From the Guidelines
A prolonged focal seizure requires immediate medical attention, and treatment should begin with a benzodiazepine such as intravenous lorazepam (4mg) or diazepam (10mg), or if IV access is unavailable, midazolam 10mg intramuscularly or buccally. The implications of a prolonged focal seizure are significant, and if seizures persist after 5-10 minutes, a second dose can be administered 1. For seizures continuing beyond this initial treatment, second-line therapy includes fosphenytoin (20mg PE/kg IV), valproate (40mg/kg IV), or levetiracetam (60mg/kg IV, up to 4500mg) 1.
Key Considerations
- Continuous EEG monitoring should be established if available, and the patient should be closely observed for respiratory depression, a common side effect of benzodiazepines 1.
- The underlying cause of the seizure must be identified and addressed, which may include metabolic abnormalities, infection, stroke, tumor, or medication effects 1.
- Prolonged focal seizures can evolve into generalized seizures or cause neuronal damage if not promptly controlled, making rapid intervention essential 1.
- After the acute episode is controlled, the patient will likely need maintenance antiepileptic medication to prevent recurrence 1.
Treatment Approach
- The treatment approach should prioritize the cessation of seizure activity and improvement in the level of consciousness 1.
- The use of anticonvulsants such as levetiracetam, fosphenytoin, or valproate can lead to cessation of seizures in roughly half of all patients receiving one of these medications 1.
- The choice of anticonvulsant should be based on the patient's specific needs and medical history, as well as the potential side effects and interactions of each medication 1.
From the Research
Implications of Prolonged Focal Seizure
- A prolonged focal seizure can lead to status epilepticus, a medical emergency with high morbidity and mortality 2, 3, 4.
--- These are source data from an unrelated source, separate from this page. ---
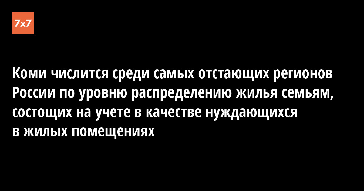 Кроме того, Коми числится среди отстающих по такому показателю, как соотношение числа семей, состоящих на учете в качестве нуждающихся в жилых помещениях на начало 2010, и получивших их в прошлом году. В среднем по России этот показатель равняется 8,6%, в Коми — 6,3%.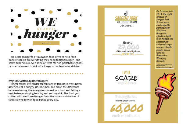 We Scare Hunger is a Halloween food drive to help food banks stock up on everything they need to fight hunger—the worst supervillain ever. Trick-or-treat for non-perishable goods, or use Halloween to kick off a longer school-wide food drive.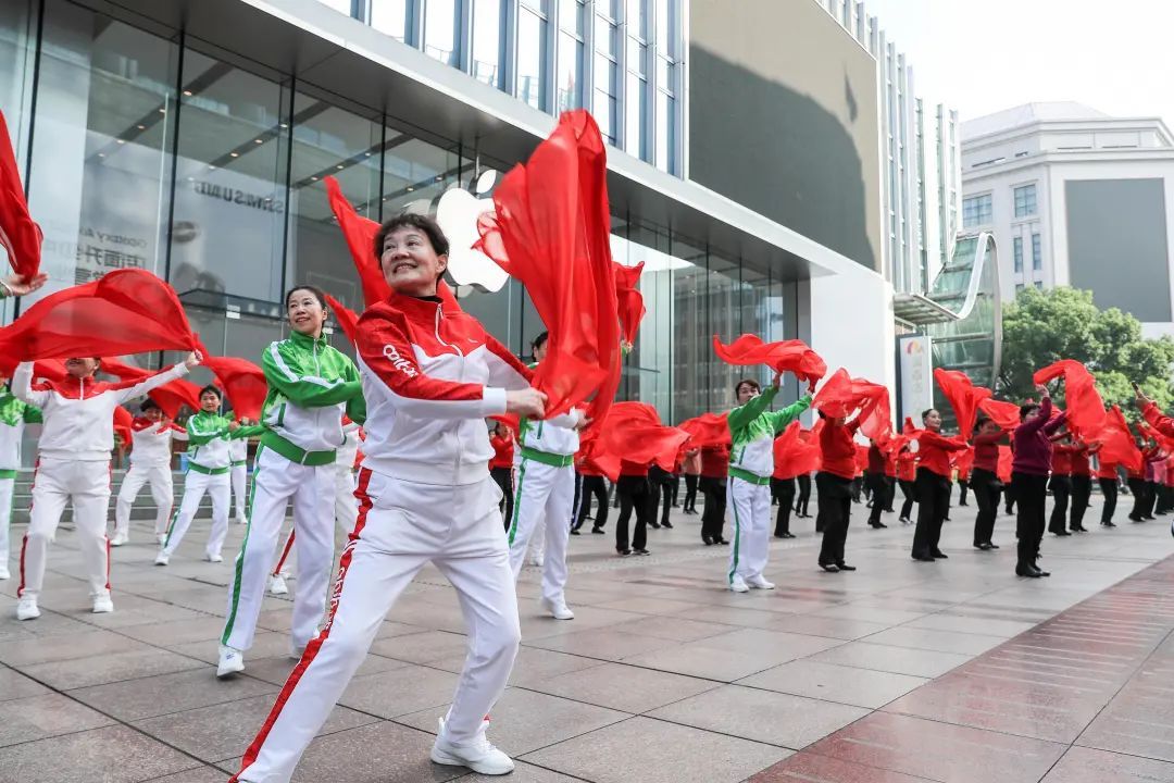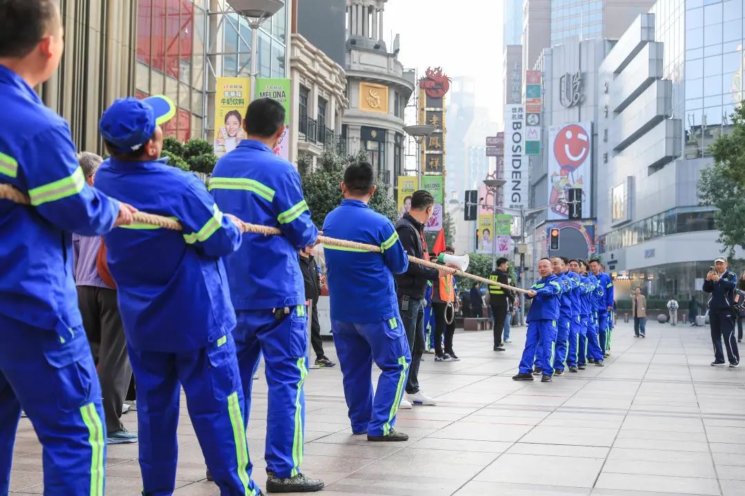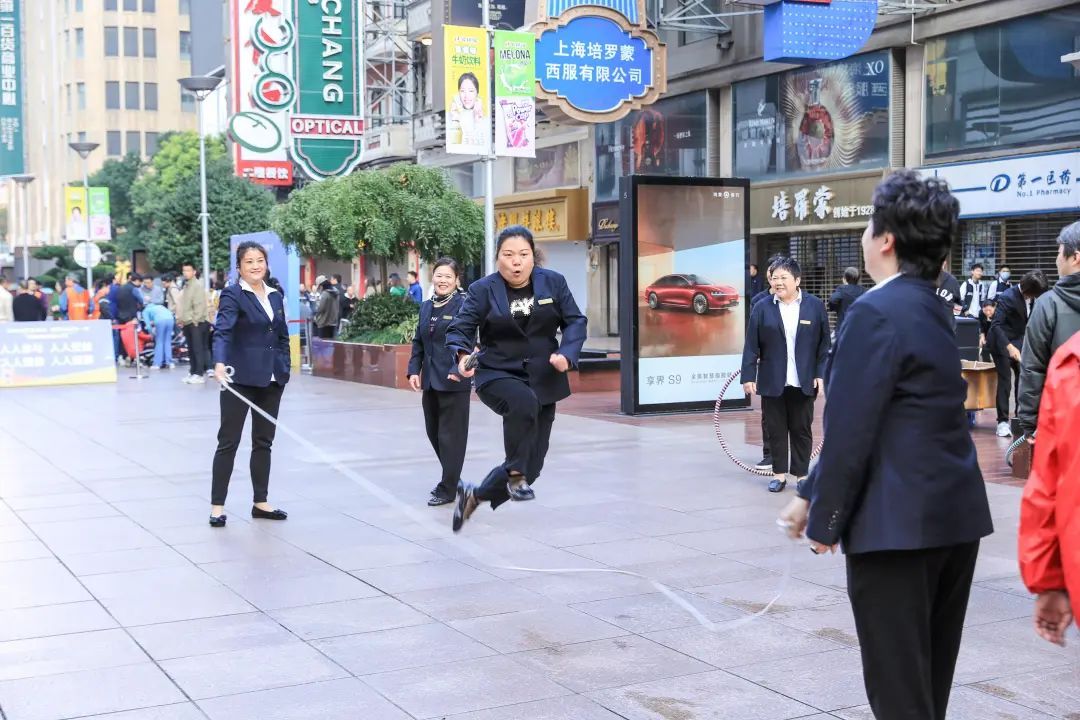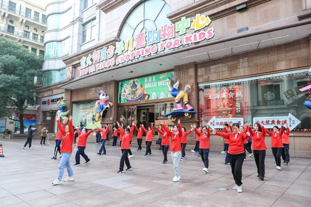 现如今的马路运动会,沿街商店的员工依旧是主角,区内各企事业单位职工闻讯前来参与,步行街上的市民朋友们也被击鼓声、助威声、喝彩声吸引了过来,共同描绘了一幅幅“全民健身 幸福黄浦”的活力画卷。

- The treatment of focal status epilepticus does not differ from that of generalized status epilepticus in the initial stages, with intravenous lorazepam or diazepam being the first-line treatment 3.
- If the seizure persists, second-line agents such as phenytoin, valproate, levetiracetam, or lacosamide may be used 2, 3, 5.
- Refractory focal status epilepticus may require the use of anesthetic doses of anti-seizure medications, and early treatment with immuno-modulatory agents may be recommended if an auto-immune or paraneoplastic etiology is suspected 2.
- The use of intravenous and intramuscular formulations of antiseizure drugs can provide rapid delivery and complete or nearly complete bioavailability, but may be associated with side effects such as hypotension and respiratory depression 5.
Treatment Approaches
- The treatment of prolonged seizures and status epilepticus should proceed on four fronts: termination of the seizure, prevention of recurrence, management of potential precipitating causes, and management of complications and underlying conditions 6.
- The intensity of treatment should reflect the risk to the patient, and drugs that may depress respiration and blood pressure should be avoided initially 6.
- The use of continuous electroencephalogram monitoring is recommended for patients with refractory status epilepticus 2, 6.
Potential Complications
- Prolonged focal seizures can lead to complications such as rhabdomyolysis and hyperthermia, which should be watched for and treated 6.
- The use of high-dose barbiturates, high-dose benzodiazepines, and propofol may be employed for major treatment of refractory status epilepticus, but may be associated with significant side effects 6.